В рыночной экономике безработица выполняет ряд важных функций. Среди них - функция сдерживания инфляции. Снижение безработицы ниже некоторого "естественного" уровня (NAIRU) вызывает рост заработной платы, который разгоняет инфляцию. И наоборот, рост безработицы подавляет инфляционные ожидания. Механизм этой связи понятен: высокая (или растущая) безработица подрывает рыночную власть работников, вынуждая их отказываться от требований повышения оплаты труда. Безработица (через опасения потерять работу и не найти новую) заставляет их идти на уступки работодателям. При этом в западных странах даже рядовой работник самой жизнью обучен разбираться и рационально реагировать на колебания экономической конъюнктуры. В этом смысле страх безработицы основан на информации и рационален. По сути, он представляет прогноз возможных изменений в положении работника на рынке труда.

По-иному может складываться ситуация в переходной экономике. Советские люди воспитывались на идеологемах, которые изображали безработицу самой страшной социальной катастрофой.
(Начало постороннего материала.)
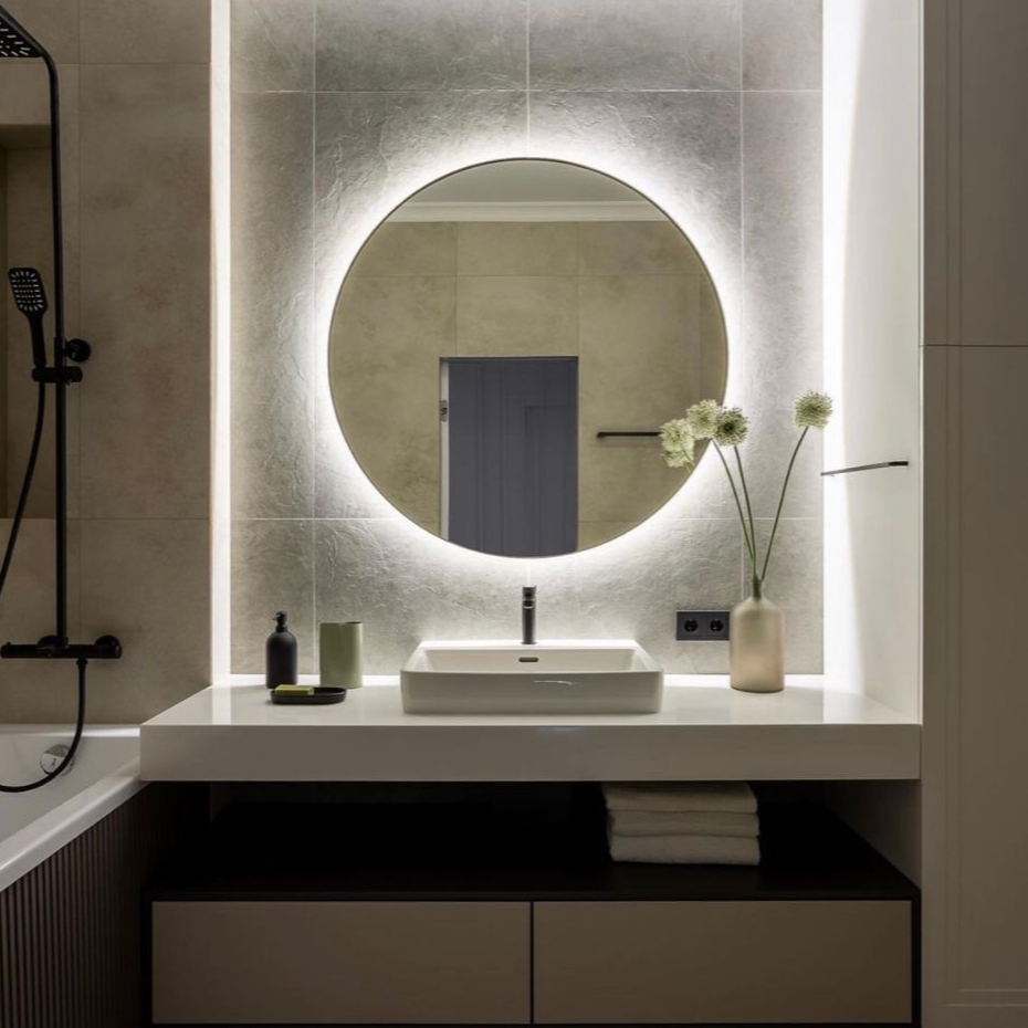 Espelho Redondo 50X50cm Lapidado com LED Sem Fio a Pilha ou Fonte 12v Decorativo Moderno (Luz Branca Quente e Branca Fria)
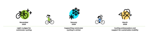 The ”More (than) Biking Lab” consists of three co-creation workshops, as well as pilot clinics that further process the results of the workshops. In the workshops, concrete ways to increase commuter cycling are developed and best practices and expert support are shared. The workshop themes are (1) light ’nudges’ for commuter cycling, (2) supporting commuter cycling in winter, and (3) cycling ambassadors and support for sustainable mobility.
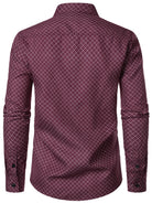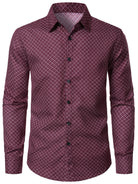 Men's Geometric Print Red Long Sleeve Dress Shirt
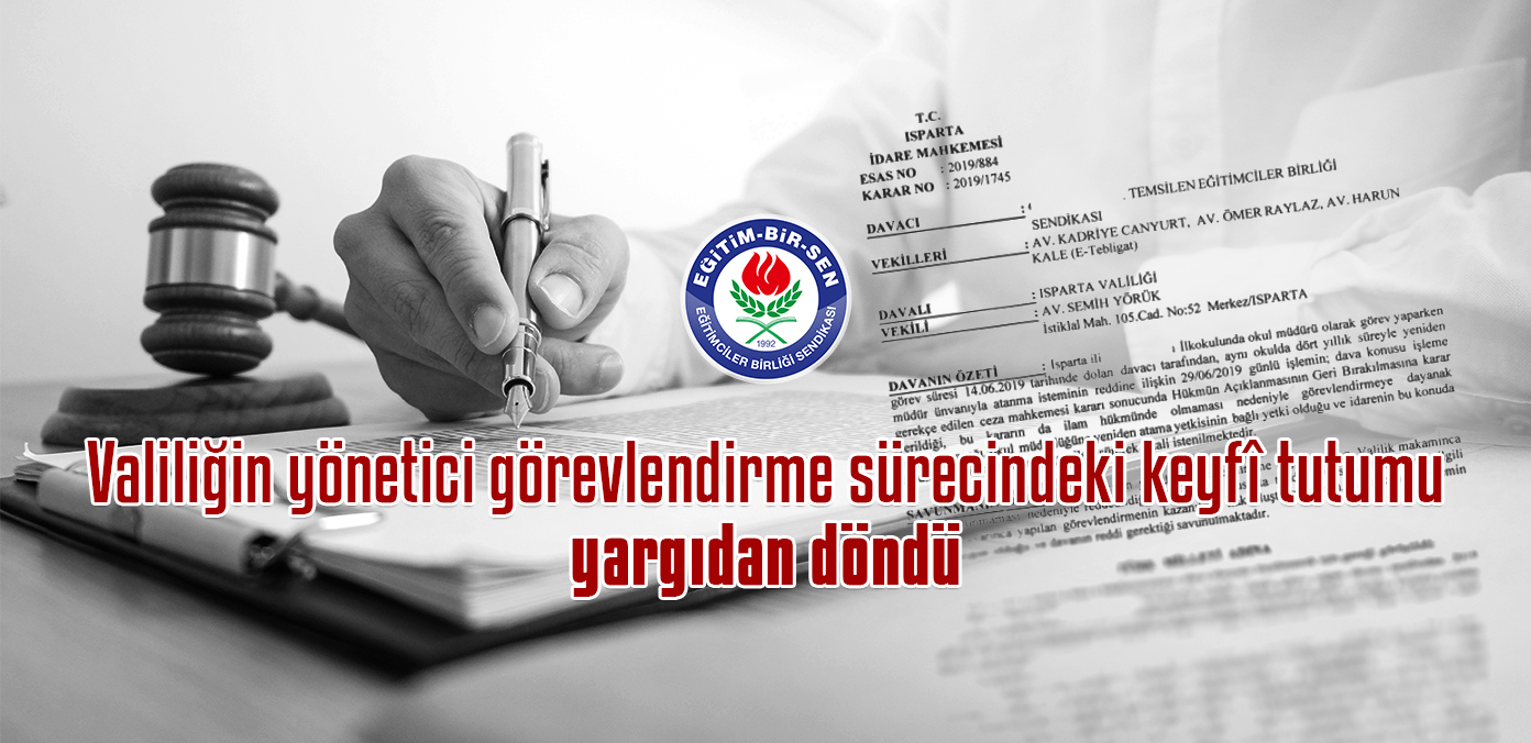 Eğitim-Bir-Sen olarak, adli bir olay nedeniyle yargılanmakta olduğu ceza davası gerekçe gösterilerek okul müdürü üyemizin görev süresinin uzatılmaması üzerine açtığımız davada, mahkeme, ilgili yönetmelikte, davacı hakkındaki güvenlik soruşturmasının olumsuz olarak değerlendirilmesinin yeniden müdür olarak atanmasına tek başına engel bir durum teşkil edeceğine yönelik bir düzenlemeye yer verilmediğinden hareketle işlemi iptal etti.
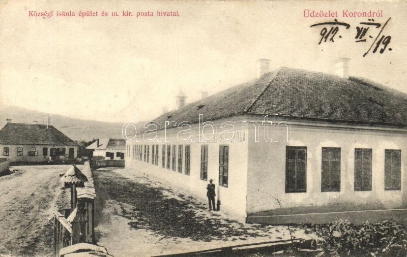 Leírás: Korond, Corund; Községi iskola és m. kir. posta hivatal. Dunky Fivérek kiadása / school, post office (EK)
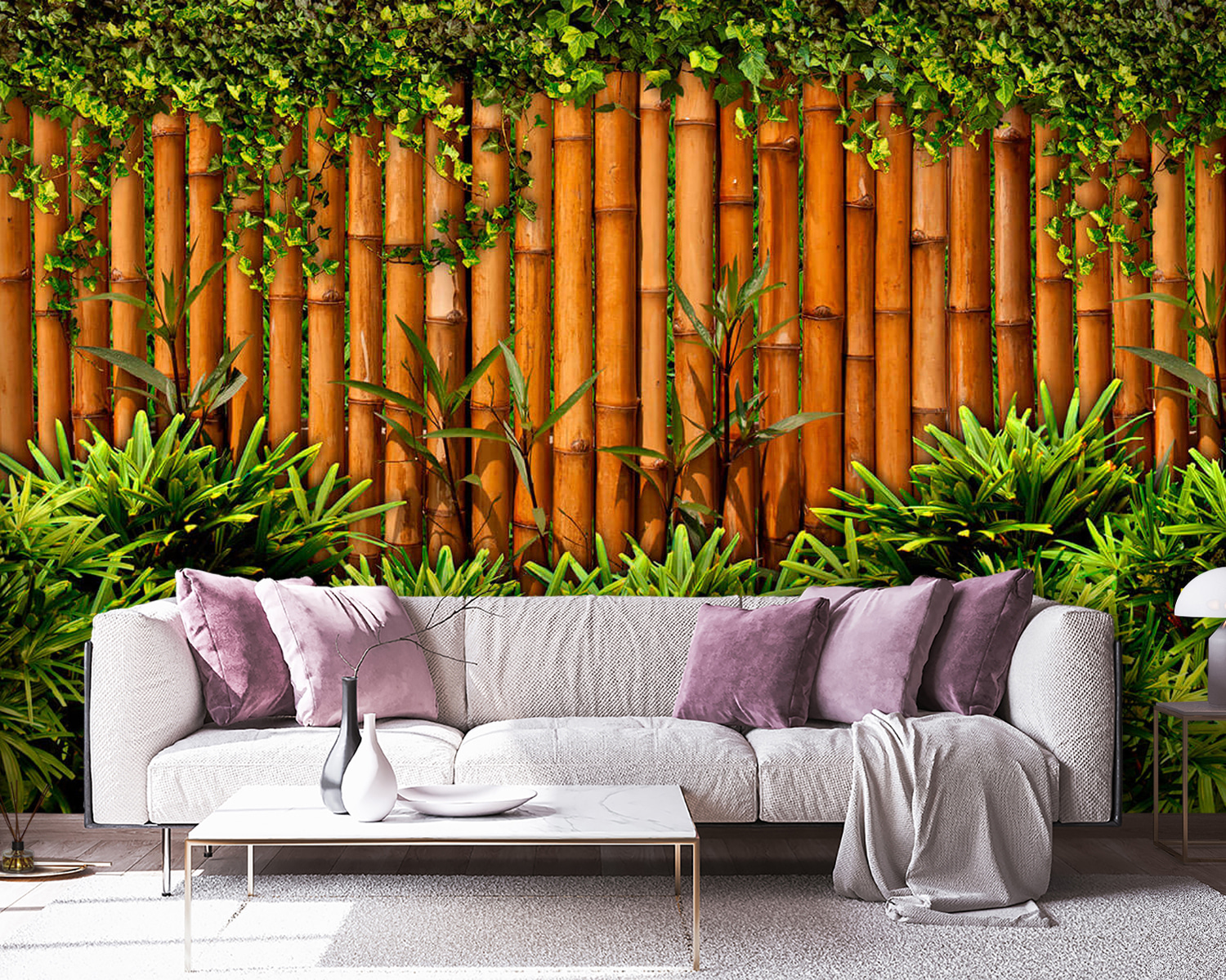 Verander je ruimte in een tropische oase met deze prachtige muurschildering met een bamboehek gedrapeerd in weelderige groene planten. Het is alsof je een stukje natuur in huis haalt, zonder de insecten en de vochtigheid. Stel je voor dat je aan je ochtendkoffie nipt of tot rust komt na een lange dag, terwijl je je omringd voelt door een rustgevende tuinsfeer. De rijke kleuren en natuurlijke elementen creëren een rustgevende achtergrond die perfect is voor elke kamer. Of het nu in de woonkamer, slaapkamer of zelfs een gezellig hoekje is, deze muurschildering nodigt uit tot een gevoel van warmte en sereniteit. Wie heeft een vakantie nodig als je dit kunt hebben?
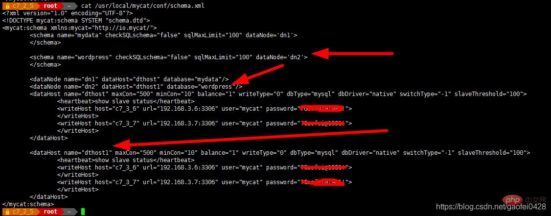 - <schema name="wordpress" checkSQLschema="false" sqlMaxLimit="100" dataNode='dn2'>
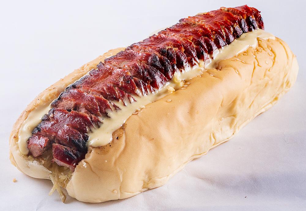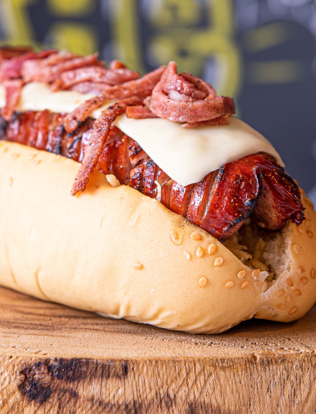 Pan Fresco, Salchicha Perro, Tocineta y salsa de piña
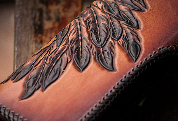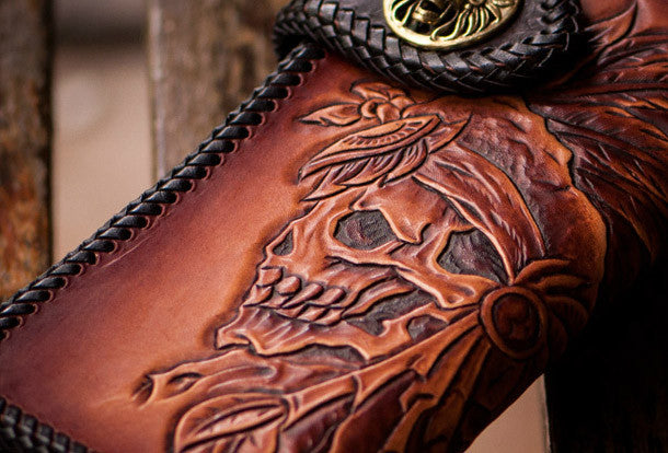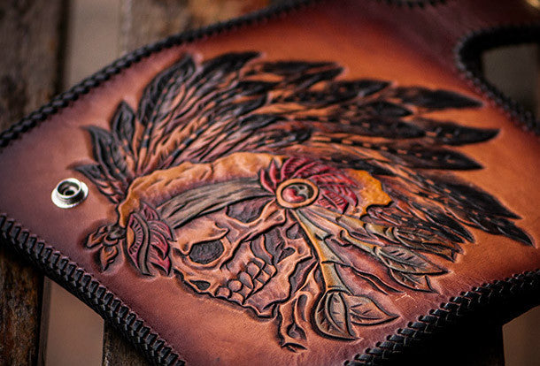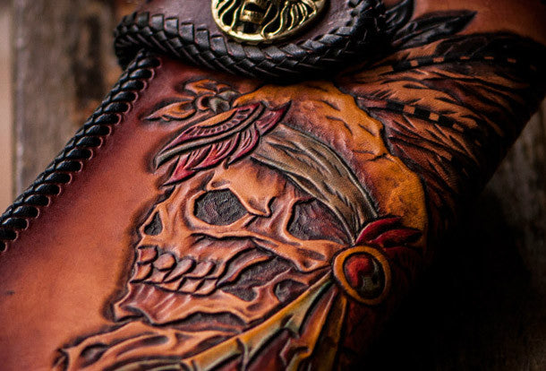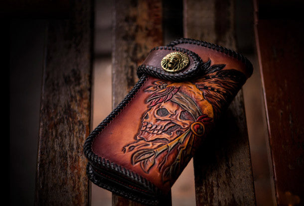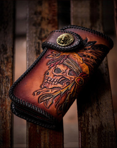 This is handmade brown?natural Italian Vegetable Tanned leather?long?indian skull carved biker wallet purse clutch for men.The wallet is bifold,color is brown.There are 1?full size bill slots/holders, 8?ID/credit card slots/holders,1 coin change slot~Hand-made in the traditional method with punched holes and saddle stitching by hand.
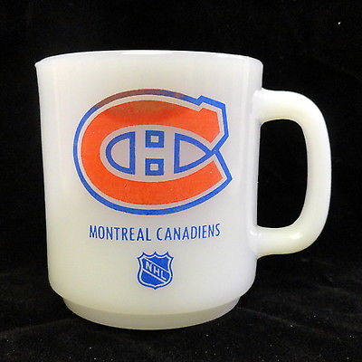 Title (ebay affiliate link): Vintage Montreal Canadiens Glasbake Milk Glass Coffee Mug Cup NHL Hockey White
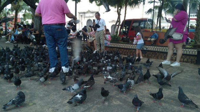 #ImagenDeLaNoticia | Una familia de turistas captó la atención de transeúntes cuando alimentaban a decenas de palomas en la Plaza Grande de Mérida.
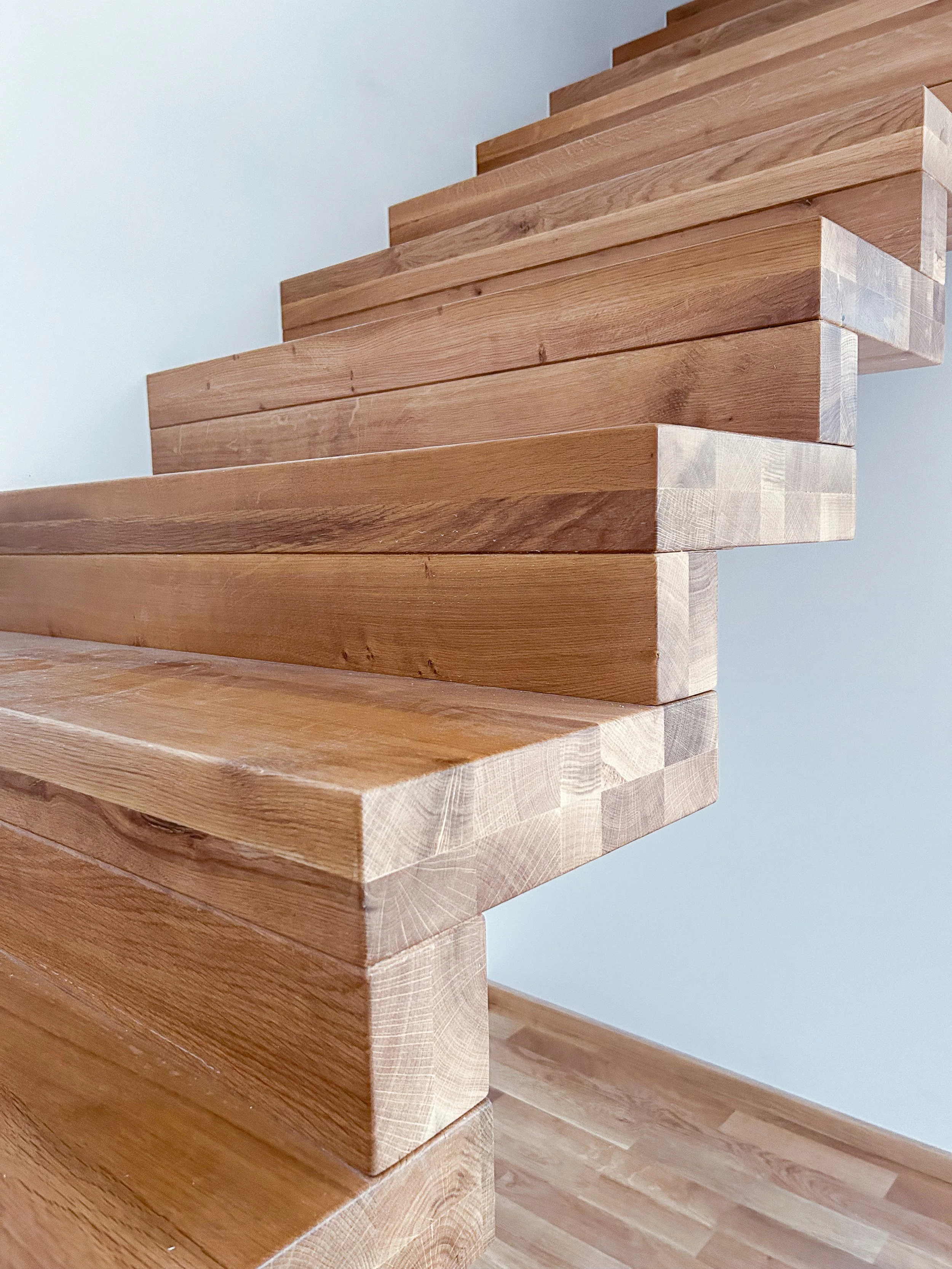 Izdelujemo samonosne in obložene betonske stopnice po meri. Masiven les, natančna izdelava in brezčasna oblika – za eleganten in trpežen korak.
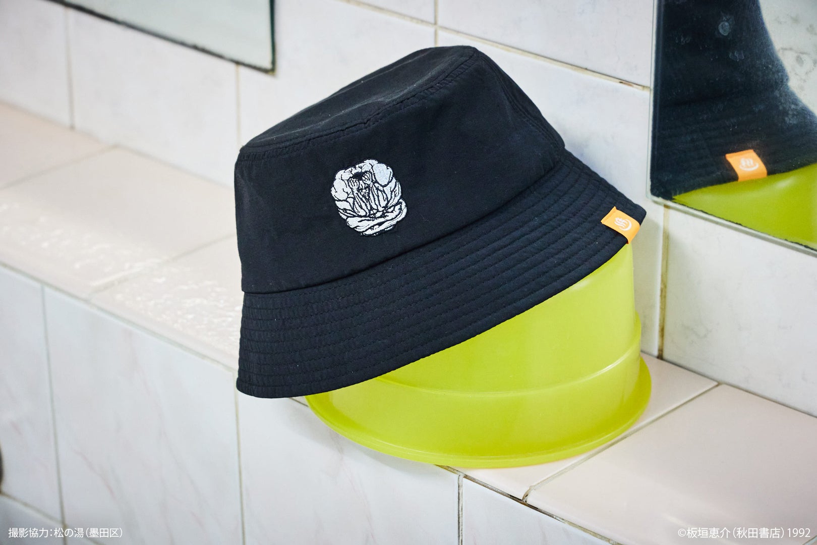 球体となったビスケット・オリバの刺繍を施した「アンチェイン・サウナハット」。
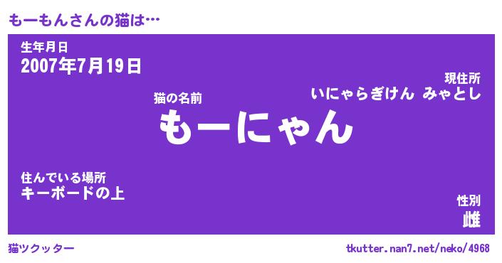 | 意味不明あだ名 | 『ペロリンもーもん』『永久保存もーもん』 |
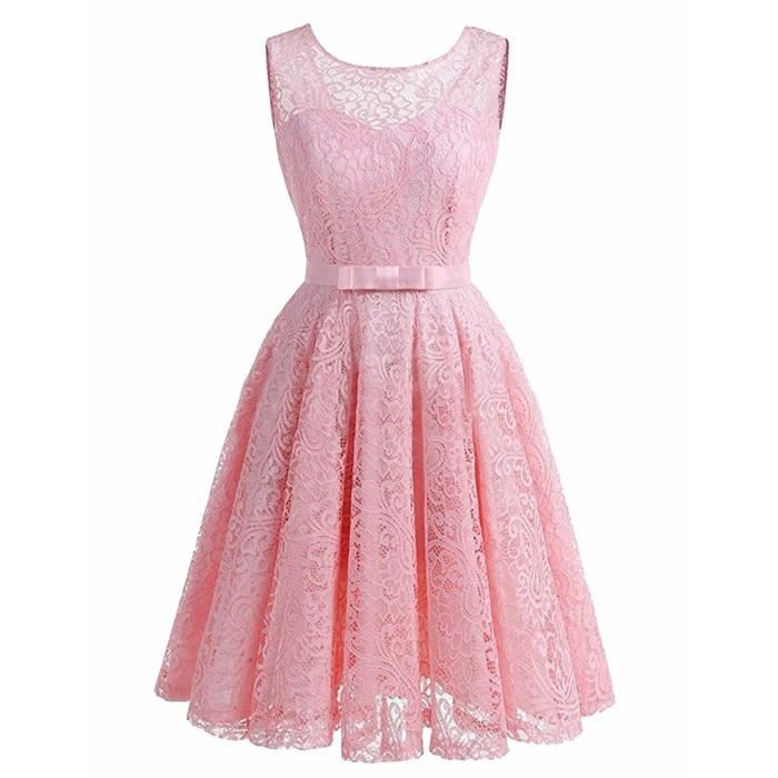 Rose Robe Demoiselle D Honneur Soiree Cocktail Mariee Col Round Dentelle Ruban De Satin Nœud Papillon Princesse Grande Taille 32 50 Rose Achat Vente Robe De Ceremonie Cdiscount
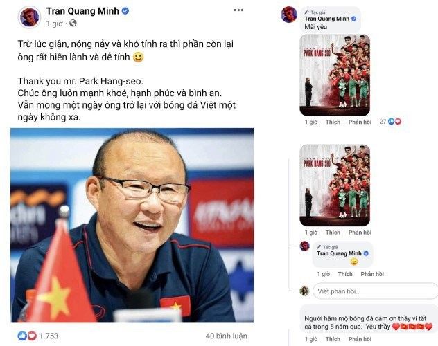 Nổi tiếng là người yêu bóng đá, BTV Trần Quang Minh gửi lời chúc bình an đến thầy Park, mong thầy có thể trở lại với bóng đá Việt Nam. Anh viết: "Trừ lúc giận, nóng nảy và khó tính ra thì phần còn lại ông rất hiền lành và dễ tính. Thank you Mr. Park Hang-seo. Chúc ông luôn mạnh khoẻ, hạnh phúc và bình an. Vẫn mong một ngày ông trở lại với bóng đá Việt một ngày không xa".
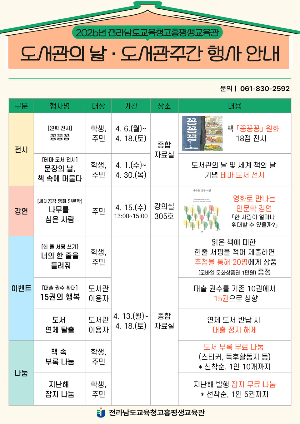 주요 행사로는 ▲「꽁꽁꽁」 원화 전시 ▲문장의 날, 책 속에 머물다 테마 도서 전시 ▲나무를 심은 사람 영화인문학 강연 ▲너의 한 줄을 들려줘 한 줄 서평 쓰기 ▲15권의 행복 대출 권수 확대 ▲도서 연체 탈출 이벤트 등을 운영해 이용자 참여를 확대하고 도서관 이용 활성화를 도모할 계획이다.
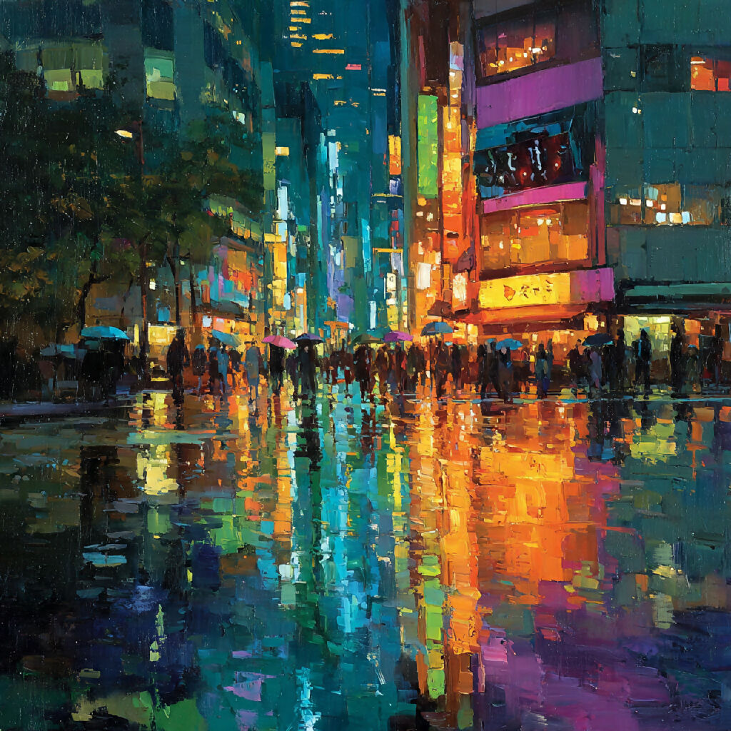 A luminous, expressive oil painting of Tokyo’s rain-soaked streets at night — where neon signs explode in magenta, lime, and electric blue, bleeding into puddles that mirror the city’s vibrant soul. Silhouettes of umbrella-clad figures drift through the glow, while thick brushstrokes capture the energy, rhythm, and mystery of urban life. A symphony of light, color, and motion alive with emotion and electric poetry
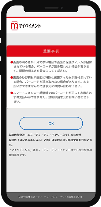 - ・コンビニボタンをタップすると、マイペイメント重要事項が表示されるので、内容を確認の上、OK ボタンをタップします。

Картина длинной очереди из отчаявшихся людей на биржу труда была для многих символом безжалостного капитализма, знакомым с начальной школы. При этом к моменту горбачевской перестройки своего опыта, связанного с безработицей, в Советском Союзе практически не было. Ни исследователи, ни тем более политики и журналисты не знали, что такое безработица на самом деле, каковы ее законы и механизмы, от чего она зависит и как меняется во времени. Однако то, что реформы - это значительная неопределенность уже в ближайшем будущем и высокая вероятность безработицы, чувствовали и считали практически все. Сверхмилитаризованная и "тяжелая" по своей структуре экономика, крайне низкая производительность труда, плохое качество и неконкурентоспособность продукции являлись отличительными особенностями советского народного хозяйства. Всем казалось, что стоит лишь тронуть этого ископаемого "динозавра" реформами и взрыв безработицы практически гарантирован. За этим взрывом маячил призрак новой социальной и политической смуты.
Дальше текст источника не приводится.